Element Solutions Inc Announces Pricing and Syndication of Add-On to Existing Term Loan B

MIAMI--(BUSINESS WIRE)-- Element Solutions Inc (NYSE:ESI) ("Element Solutions" or the “Company”), a global and diversified specialty chemicals company, announced today that it has reached agreement in principle on pricing and syndication for a $400 million add-on to its existing senior secured term loan B due 2026 (the “Add-On”), subject to certain conditions. The Add-On remains subject to the closing of the previously announced acquisition of Coventya Holding SAS (the “Coventya Acquisition”) and the finalization and execution of its definitive documentation. Proceeds from the Add-On will be used to finance a portion of the €420 million consideration for the Coventya Acquisition and transactions costs, fees and expenses related to this transaction and the Add-On, as well as for general corporate purposes. The funding of the Add-On is expected to close concurrently with the Coventya Acquisition, which closing remains subject to certain closing conditions.
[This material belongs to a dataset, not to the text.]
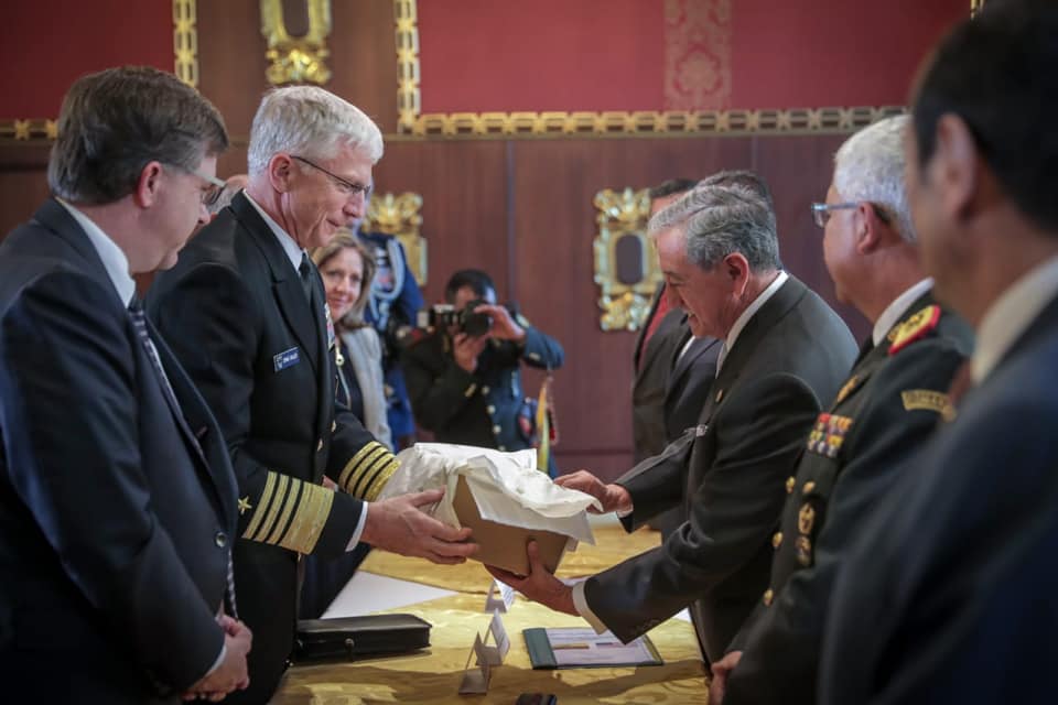 U.S. Navy Adm. Craig Faller meets with Ecuadorian Minister of Defense Gen. Oswaldo Jarrin in 2019. (Photo courtesy U.S. Embassy Ecuador)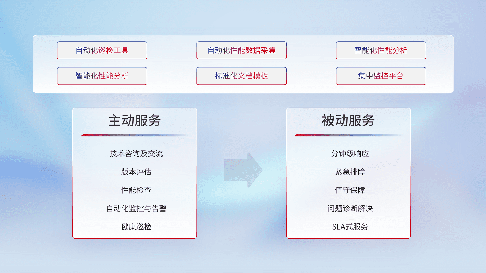 智能化工具和标准化文档,,,保障服务质量,,,提供主动服务(包含技术咨询、、版本评估、、性能检查、、、自动化监控与告警、、、、健康巡检)和被动服务包含(分钟级响应、、、、紧急排障、、、值守保障、、、问题诊断解决、、SLA服务)。。。。

President and Chief Executive Officer Benjamin Gliklich said, “We are pleased by the ongoing strong support for Element Solutions in the debt capital markets which have provided attractively-priced capital to fund our growth. Upon closing of this financing, we will have fully financed our pending acquisition of Coventya. The sign-to-close process continues at pace, and we look forward to providing further updates on this transaction on our second quarter 2021 earnings call.”

In connection with the Coventya Acquisition and the Add-On, both Moody’s Investor Service and S&P Global Ratings affirmed their corporate-level ratings of the Company of Ba2 and BB, and the senior secured tranche ratings of Ba1 and BBB-, respectively. The Add-On will be fungible with the existing senior secured term loan B with a periodic interest rate identical to the interest rate of the existing term loan B, or LIBOR base rate plus a 2.00% spread. The Company is currently exploring opportunities to capture lower cash interest rates for some or all of the Add-On via derivative instruments.

About Element Solutions Inc

Element Solutions Inc is a leading specialty chemicals company whose businesses supply a broad range of solutions that enhance the performance of products people use every day. Developed in multi-step technological processes, these innovative solutions enable customers' manufacturing processes in several key industries, including consumer electronics, power electronics, semiconductor fabrication, communications and data storage infrastructure, automotive systems, industrial surface finishing, consumer packaging and offshore energy. More information about Element Solutions is available at www.elementsolutionsinc.com.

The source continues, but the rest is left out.